— Открывай, сука!
Энджи заматывает голову платком, второпях мажет лицо сажей из печки, достает бутылку, бежит к двери.
«Главное, не бойся, — говорит она сама себе. — Они возьмут бутылку и уйдут. Им больше ничего не надо. А Габо им в жизни не найти, не найти…»
Она чувствует себя уткой, уводящей охотников от гнезда. Так ей почему-то менее страшно. Да они и искать его не будут, возьмут бутылку и уйдут… Господи! Сделай так, чтобы они ушли! Сотвори чудо, как тогда, в Толедо! Ну что тебе стоит?!
— Сейчас, господин! — кричит она в стонущую дверь. — Подождите стучать! Я уже открываю! У меня есть то, что вам надо!
Дрожащими руками она хватается за засов… Никак — да что же это?
— Не стучите же так! — кричит она в панике. — Мне не открыть! Не стучите! Ну пожалуйста!
Снаружи — хохот и ругань, грязная, гадкая… Боже, как же так, Боже? Ведь все было так хорошо еще три минуты тому назад… Почему, Боже?.. Засов наконец поддается ее дрожащим рукам. Она отскакивает от двери и стоит, прижав к груди бутылку с ракией — как спасательный круг, как пропуск на выход из ада… Ей так страшно, что хочется зажмурить глаза, но она боится, что с зажмуренными глазами будет еще страшнее. Господи, сделай… Бам! Дверь распахивается настежь, сбивая с ног оторопевшую табуретку, и жестяной тазик, слетев с нее, ударяется об пол и звенит длинным затухающим звоном.
Они вваливаются в горницу, огромные, косматые в своих барашковых шапках и с бородами в неряшливых колтунах. Они покрыты шерстью, как волки, от них разит, как от козлов, они заполняют всю горницу разом, как грязевой оползень.

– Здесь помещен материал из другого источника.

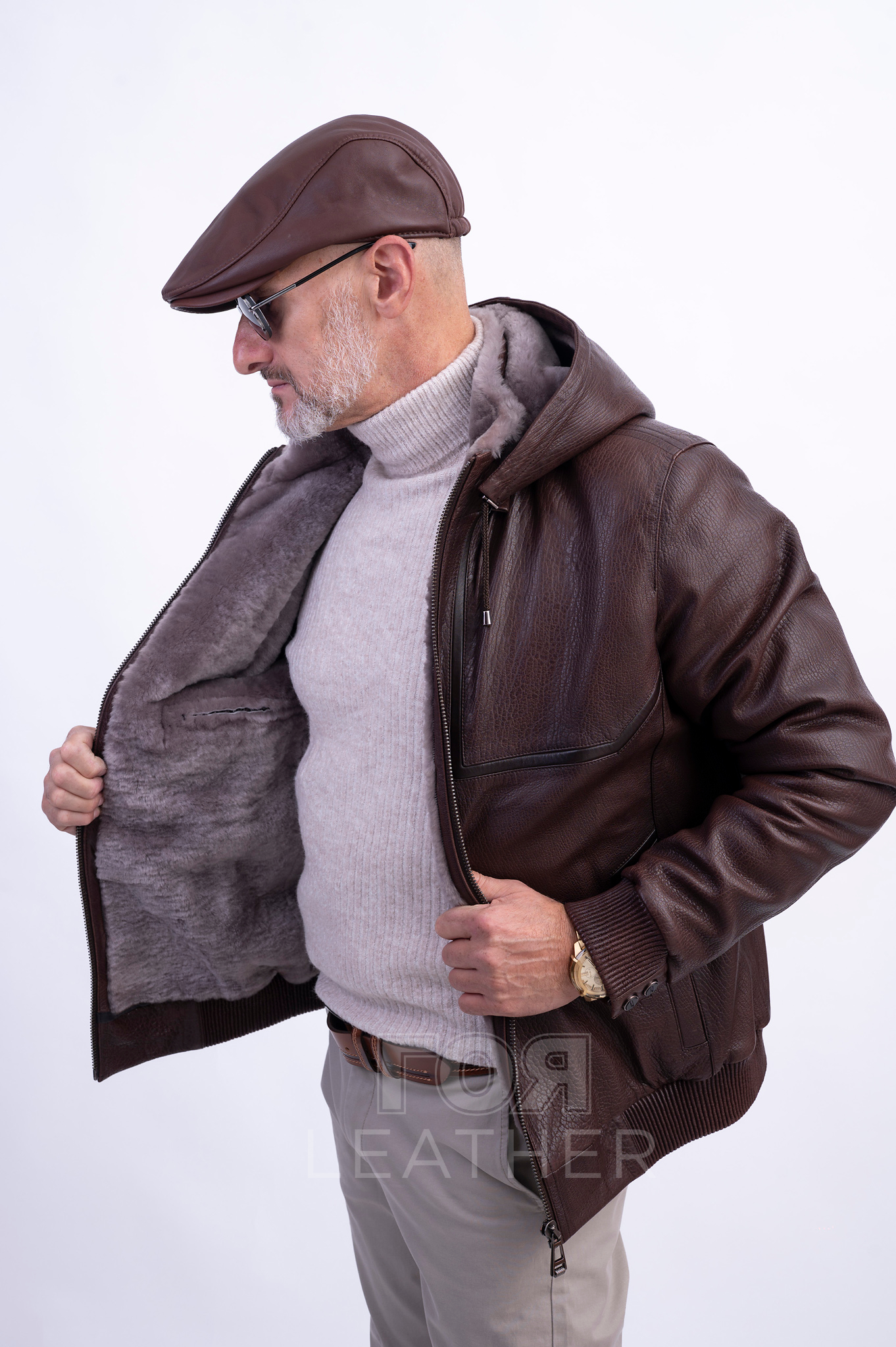 Якето има цип и стилни, просторни странични джобове. На разположение са и два вътрешни джоба. Моделът бомбър е с ластик изработен от кожа разположен и на ръкававите. Подвижната качулката също е подплатена с истинска овча кожа за допълнителен комфорт при ветровито време.
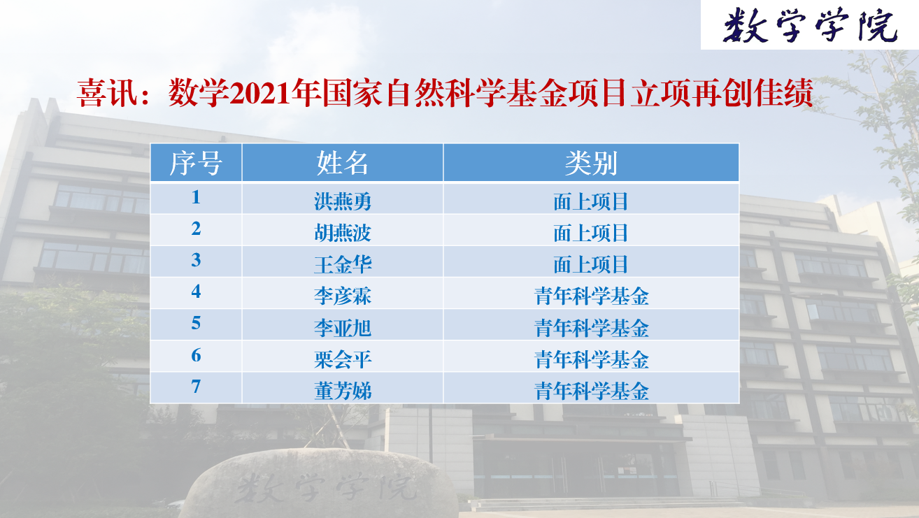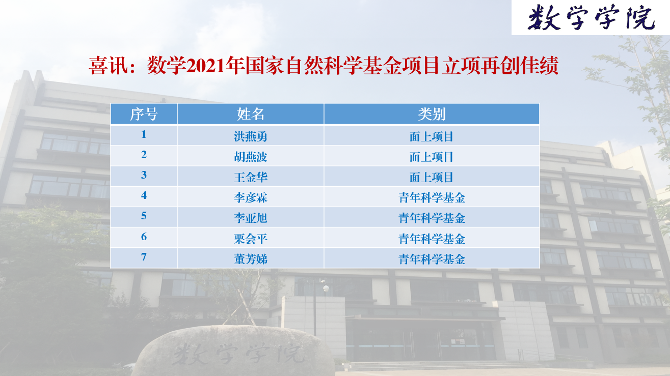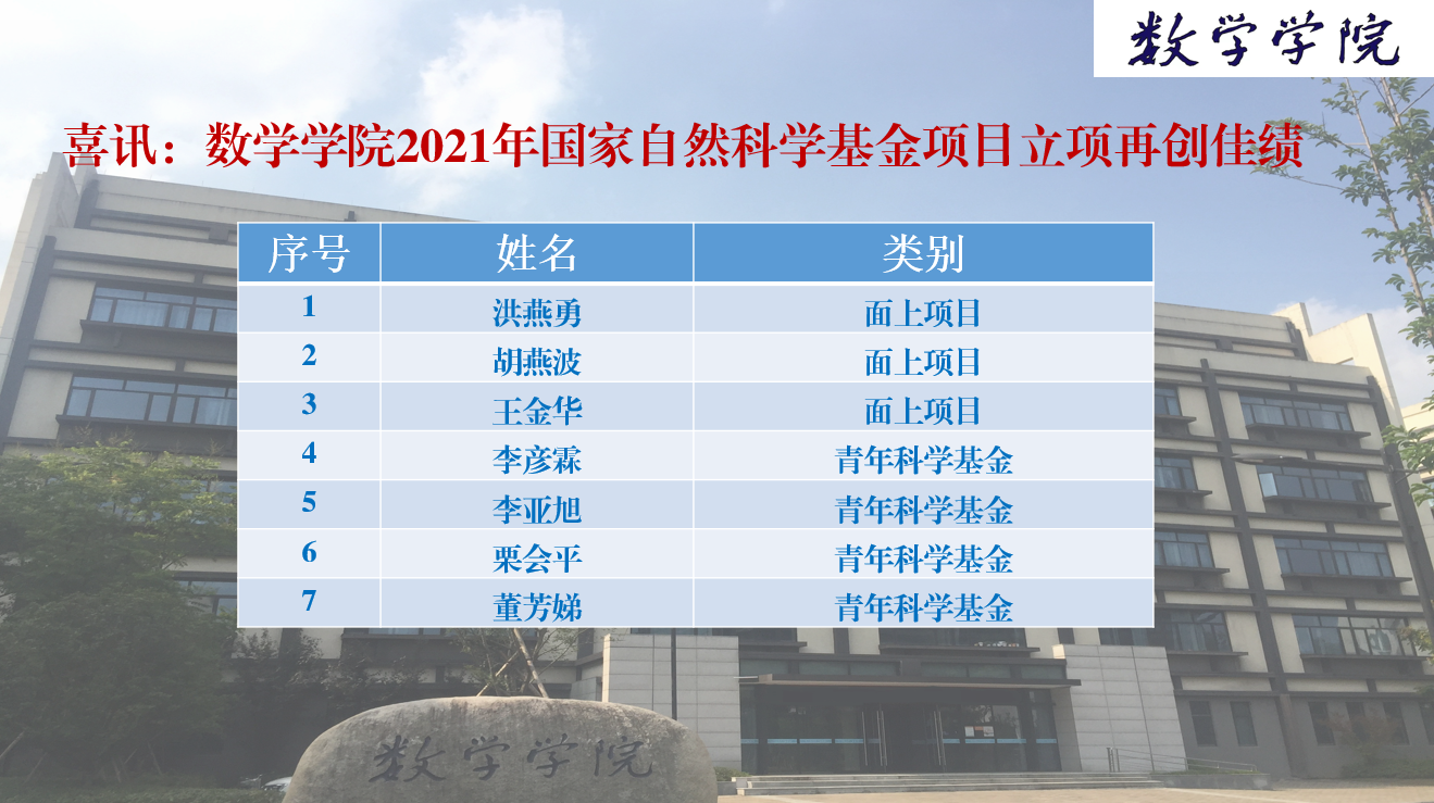日前,国家自然科学基金委员会(NSFC)公布了2021年国家自然科学基金评审结果。69成人小说 今年国家自然科学基金项目申报取得佳绩,共有7个项目获立项资助,其中面上项目3项,青年科学基金项目4项。

Их двое, всего двое, но как ужасно полинял и скорчился мир от их гадостного нахрапа.
— Ха! — удовлетворенно крякает один и указывает пальцем на Энджи. — Смотри-ка, Халед, и впрямь свежее мясо. Что я тебе говорил? У меня на это нюх, как у пса на текущую сучку.
— А откуда ты знаешь, что у нее течка?
— Подо мной потечет… — говорит первый и обходит вокруг Энджи, рассупонивая опоясывающую его кожаную сбрую. — Правда ведь потечешь, шлюшка? Попробовала бы ты только не потечь… Про газовую камеру слыхала?
Он напрягается, выпучивает глаза и с треском пускает газы. Энджи в ужасе вскрикивает. Ханджары хохочут, хлопая себя по ляжкам, довольные произведенным эффектом. Комната наполняется острой вонью.
— Эй, Фарук, — смеется второй, зажимая нос. — Так ты когда-нибудь ненароком меня отравишь.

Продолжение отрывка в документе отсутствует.